Researchers conducting a large clinical trial of people infected with both HIV and hepatitis C have some positive news to report. According to their study, patients who are treated with a newer combination of drugs are significantly more likely to rid their bodies of HCV than those who receive standard therapy.
The finding is important because as many as 300,000 of the estimated 1 million Americans infected with HIV also have HCV, and as people live longer with HIV, HCV is becoming a serious health problem.
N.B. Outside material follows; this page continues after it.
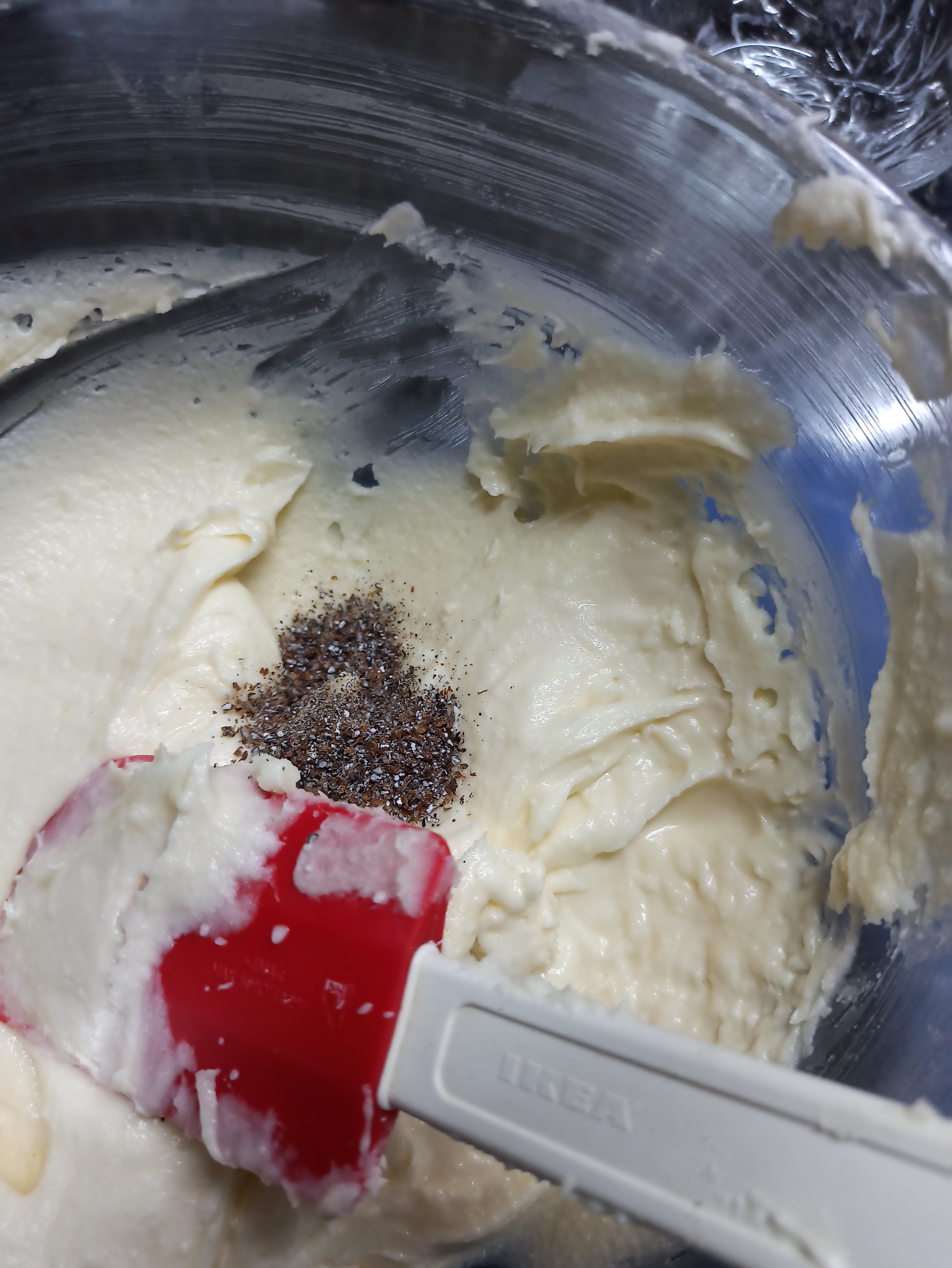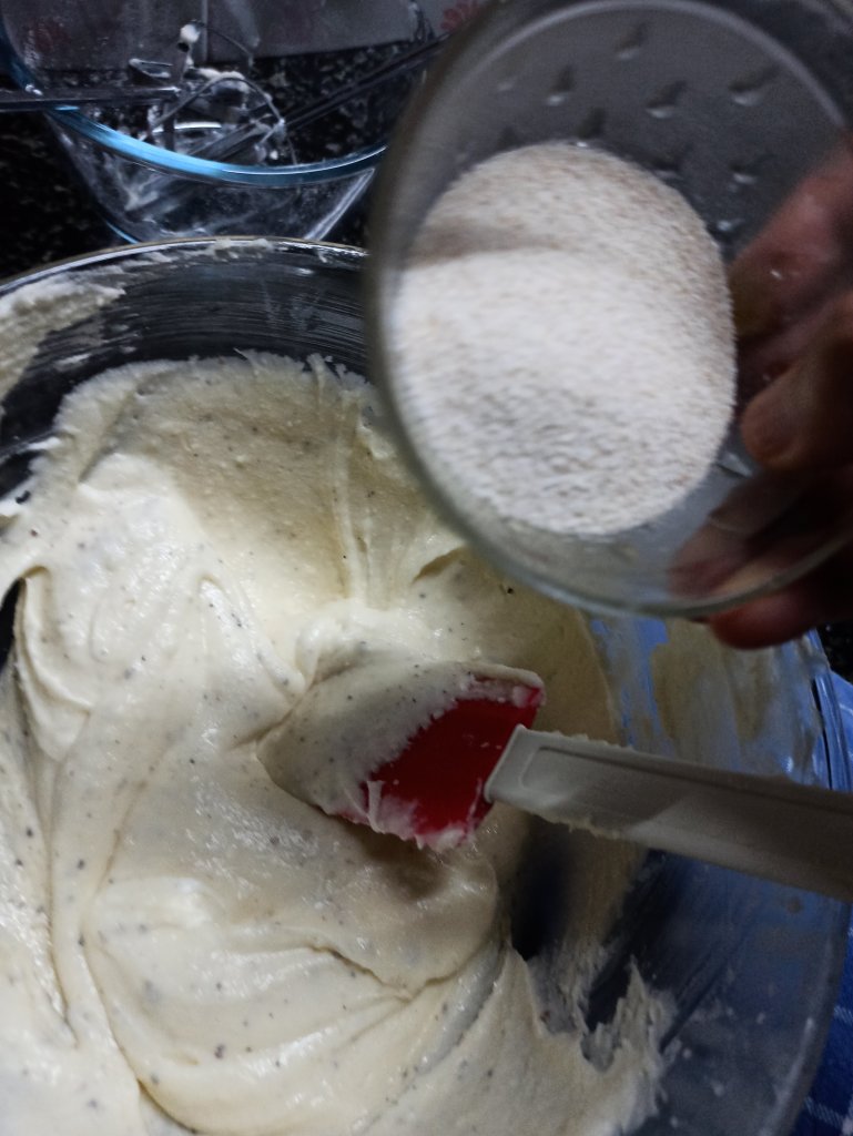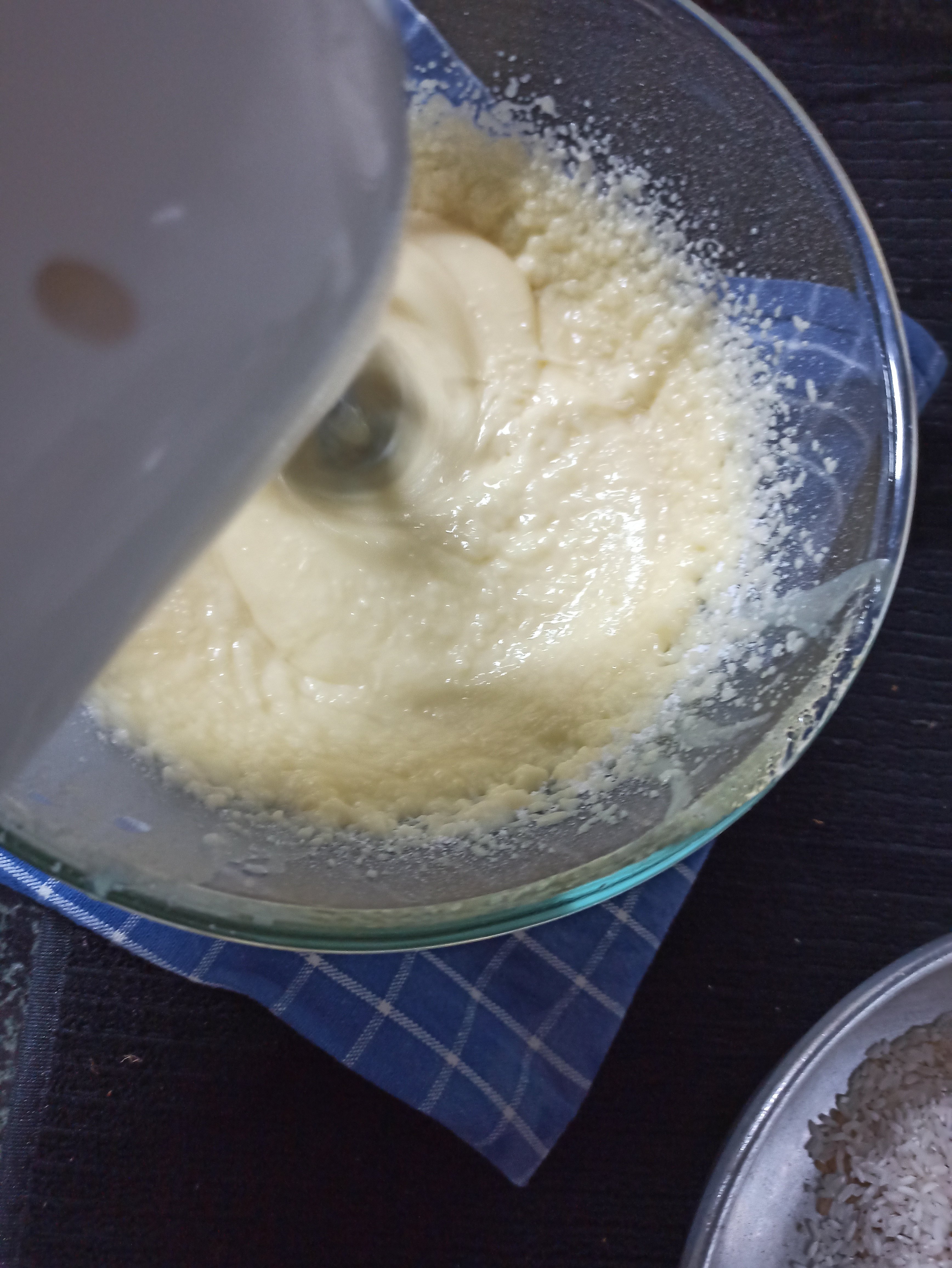 2 . Now add powder sugar and begin to cream the sugar , dalda and ghee mixture using whisker .

The multinational study compared treatment with the drugs peginterferon alfa-2a (Pegasys) and ribavirin (Copegus) to treatment with the older treatment of interferon (Roferon-A) and ribavirin. Results showed the Pegasys-ribavirin combo was 40-percent effective in reducing HCV RNA to undetectable levels, compared to 12 percent for the older treatment. The drugs were even more effective in patients with the HCV genotypes 2 and 3, reaching 62-percent effectiveness. Patients with these genotypes who were on interferon-ribavirin saw a 36-percent effectiveness rate.The Pegasys-ribavirin combination in patients with genotype 1, typically the most difficult to treat HCV genotype, was 29-percent effective. This compares to an effectiveness of 7 percent among those taking interferon-ribavirin.
Researchers say the results of this study are groundbreaking news for the hundreds of thousands of Americans who are living with both hepatitis C and HIV.